Pryor Cashman Client Wins Summary Judgment Appeal in Care One Case
Pryor Cashman Partner David Rose, with the assistance of Associate Jacob Orgel, successfully argued an appeal before the Superior Court of New Jersey, Appellate Division, on behalf of client and noted health care executive Jeffrey Rubin in Care One. LLC, et al v. Adina Strauss and Jeffrey Rubin.
The matter concerned an attempt by Care One, LLC to repurchase membership interests in the company at depressed values and the proper valuation standard to be used “for determining the amount to be paid when removing members through a purchase of their membership interests.”
The court reversed as erroneous the decision of the Superior Court, Chancery Division in favor of the Care One parties, and affirmatively granted summary judgment in favor of Mr. Rubin on his breach of contract claim, determining that Care One was obligated to pay “fair value” not the lesser amount of “fair market value” for Mr. Rubin’s interest in the company.
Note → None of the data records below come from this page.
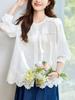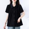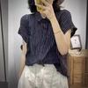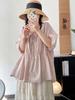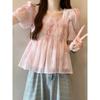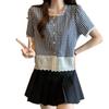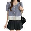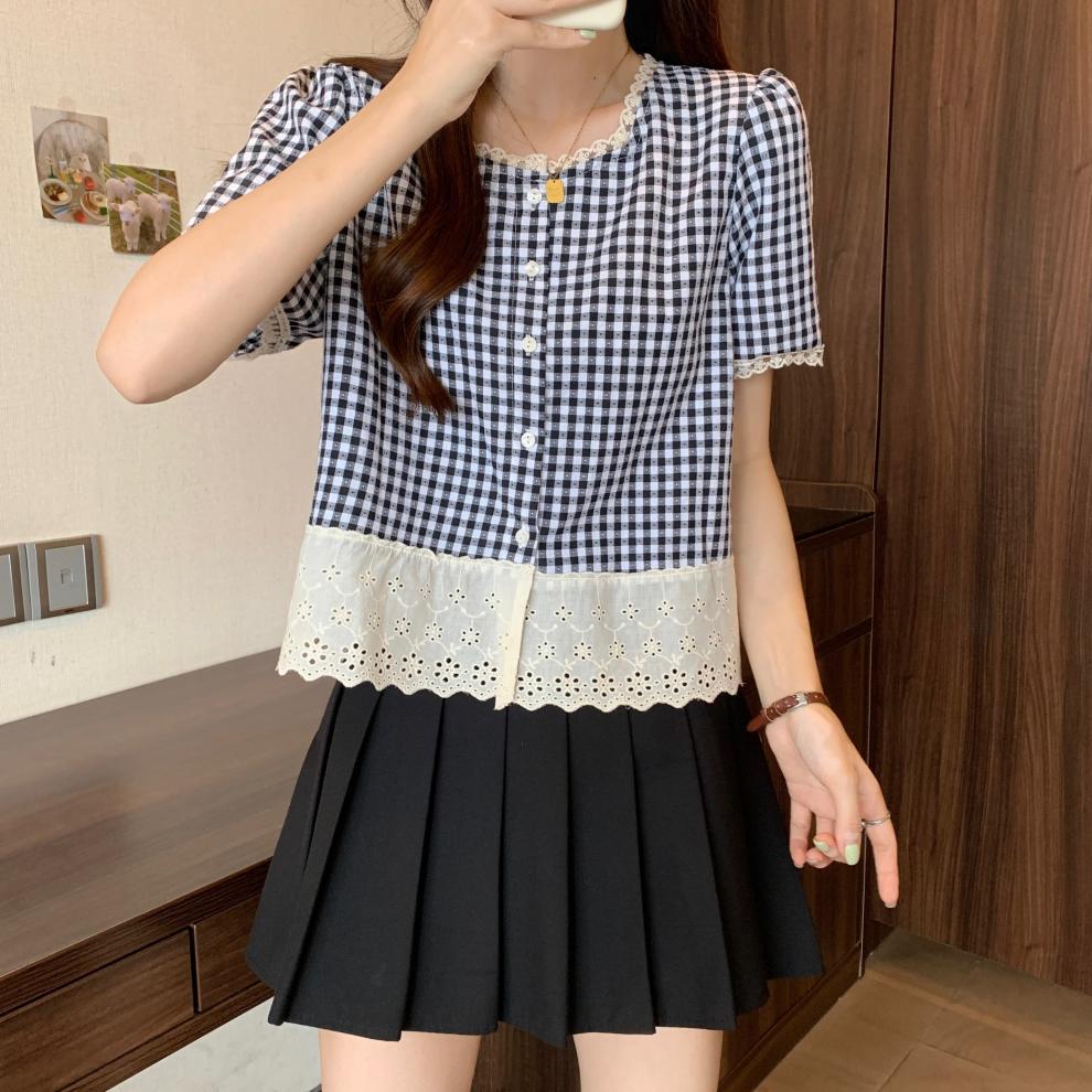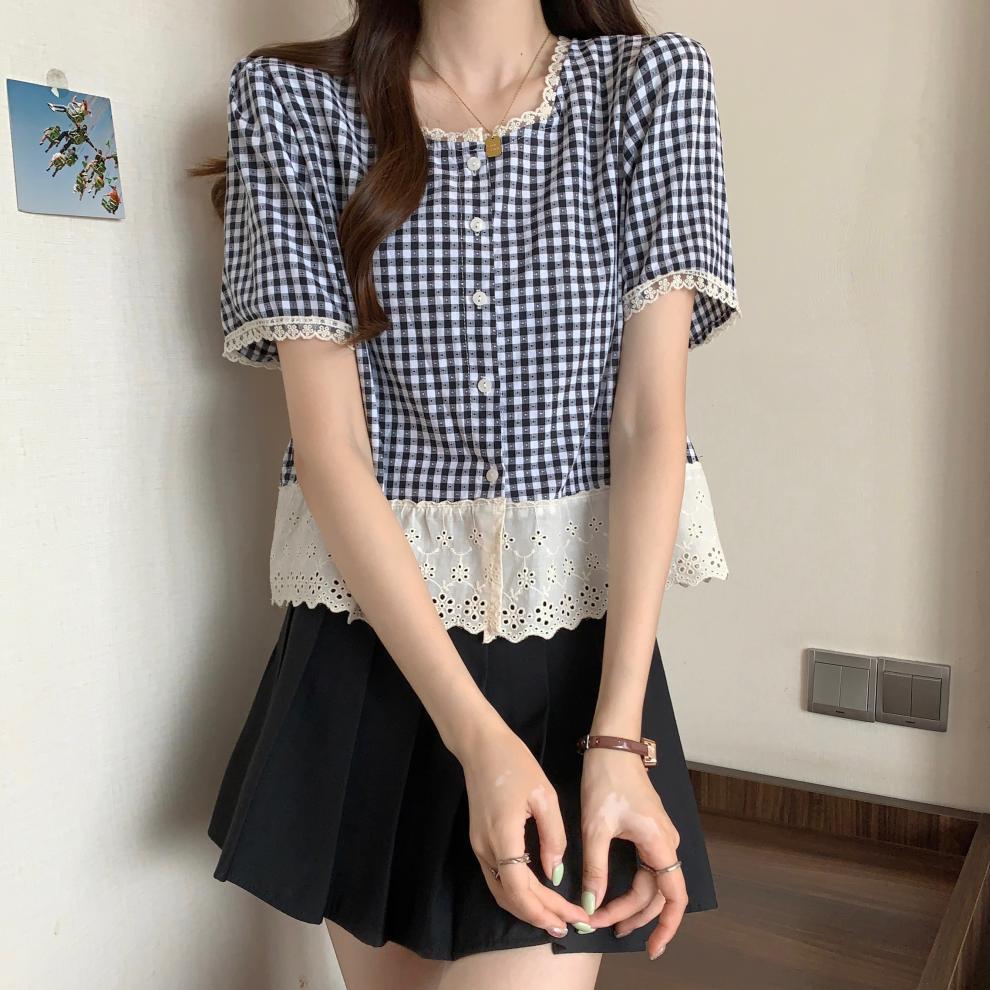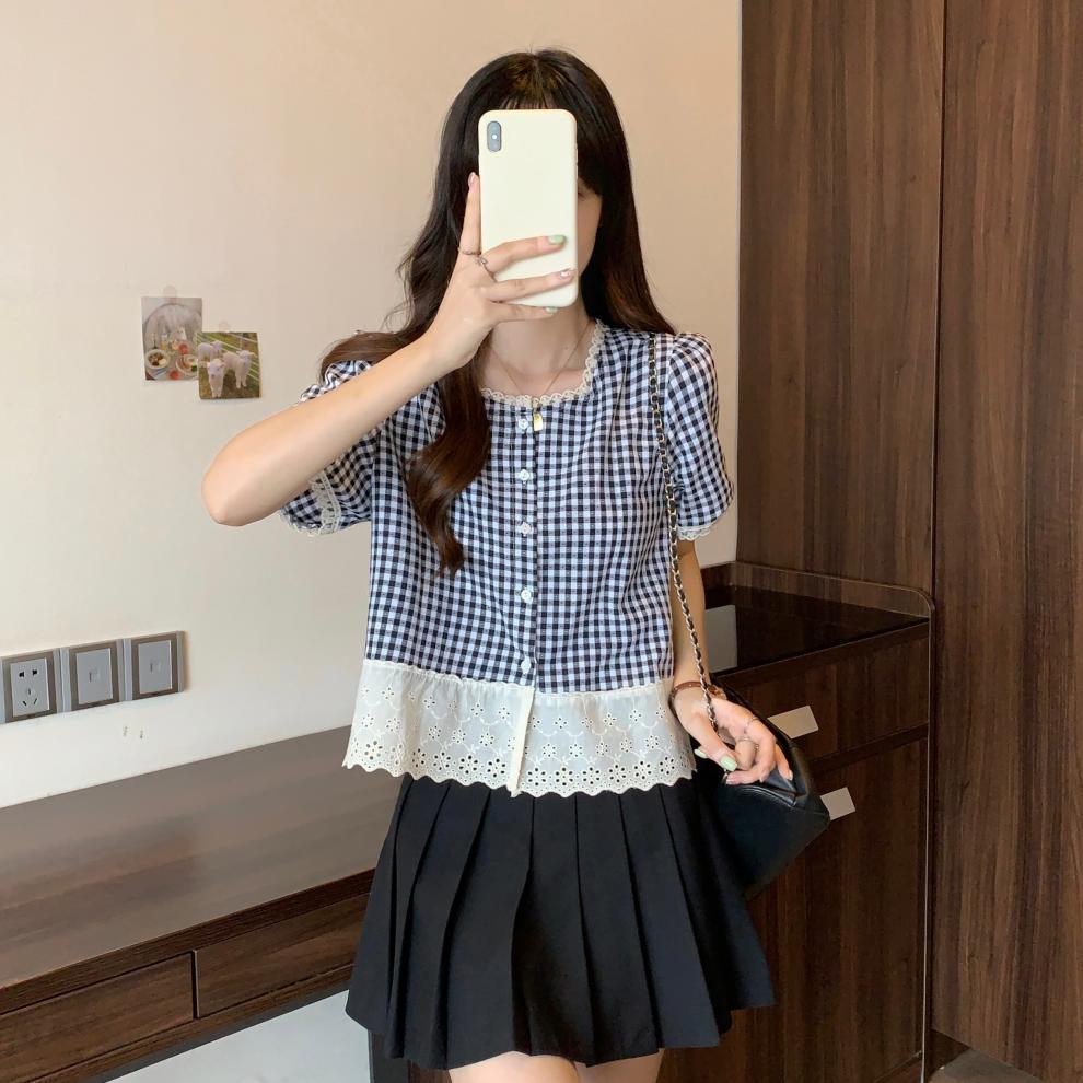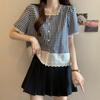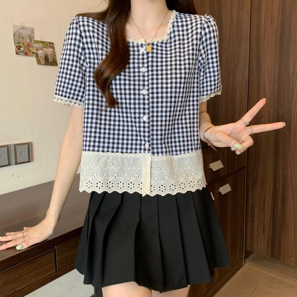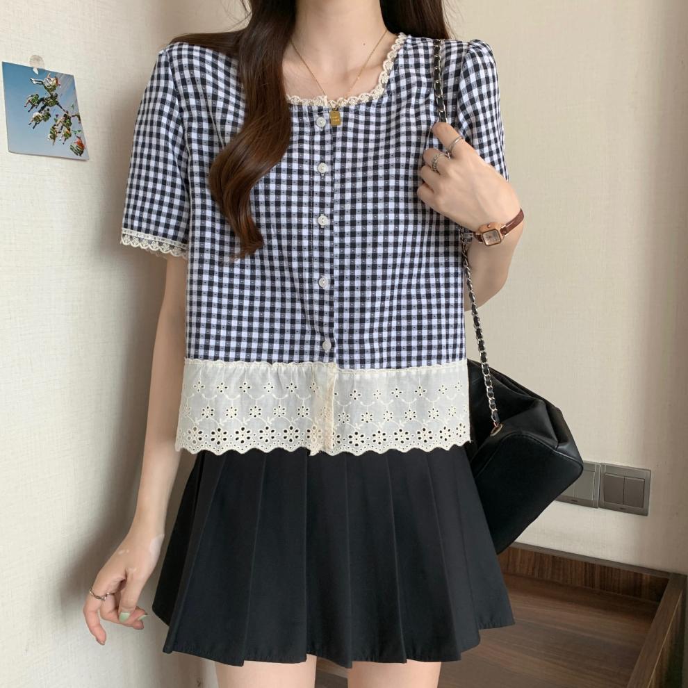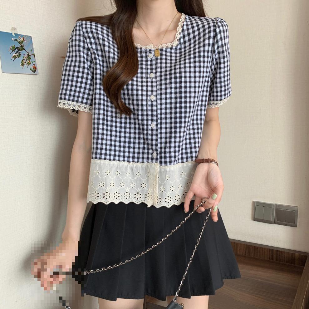 Camisa de Encaje Francés a Cuadros de Talla Grande para Mujer Verano 2025 Nueva Look Adelgazante mm para Gorditas Suelta Cuello Cuadrado Top Hombro Derecho
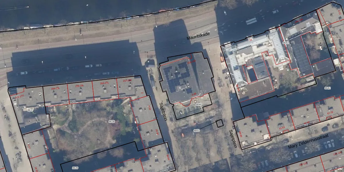 Het adres ligt op het perceel ASD15-S-8640, dat zich in de kadastrale gemeente Amsterdam bevindt. De gemiddelde perceeloppervlakte in de kadastrale gemeente Amsterdam is 537,06 m². Dit perceel is met zijn 911 m² dus groter dan gemiddeld. Het grootste perceel in de kadastrale gemeente is 14,5 ha. Het kleinste perceel heeft een oppervlakte van 0 m². Op het perceel liggen in totaal 23 adressen. De huidige grenzen van het perceel zijn digitaal in de Basisregistratie Kadaster (BRK) geregistreerd op 22-11-2006.
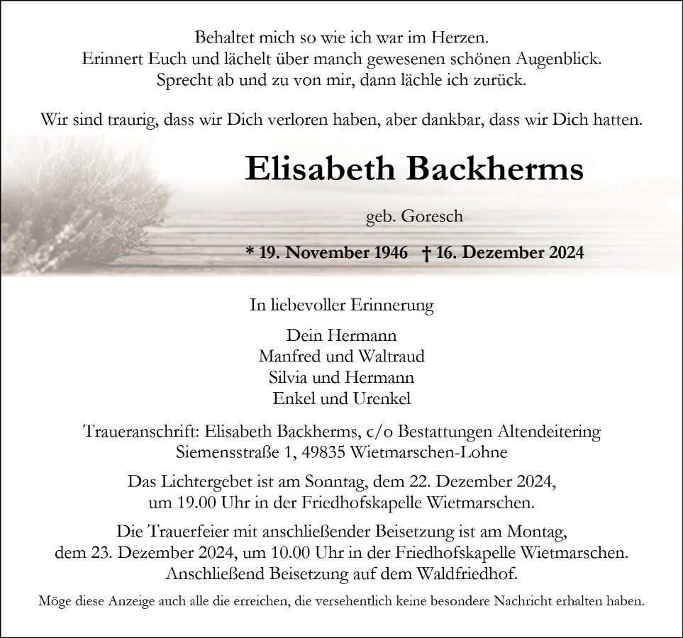 Trauerfeier, Friedhofskapelle Wietmarschen

Read the full decision using the link below.
The impact and effects of this case are significant for companies operating as Delaware limited liability companies (LLCs), as well as for investment funds structured using LLCs, establishing under Delaware statutory and decisional law, that when the operating agreement of a member-managed LLC is silent on compensation to removed members, the members must be compensated based on the “fair value” of their interests, and not based on the lesser standard of “fair market value.” The decision also makes clear that removed LLC members must receive “fair value” for their interests regardless of whether they are an active manager of the LLC or a passive member.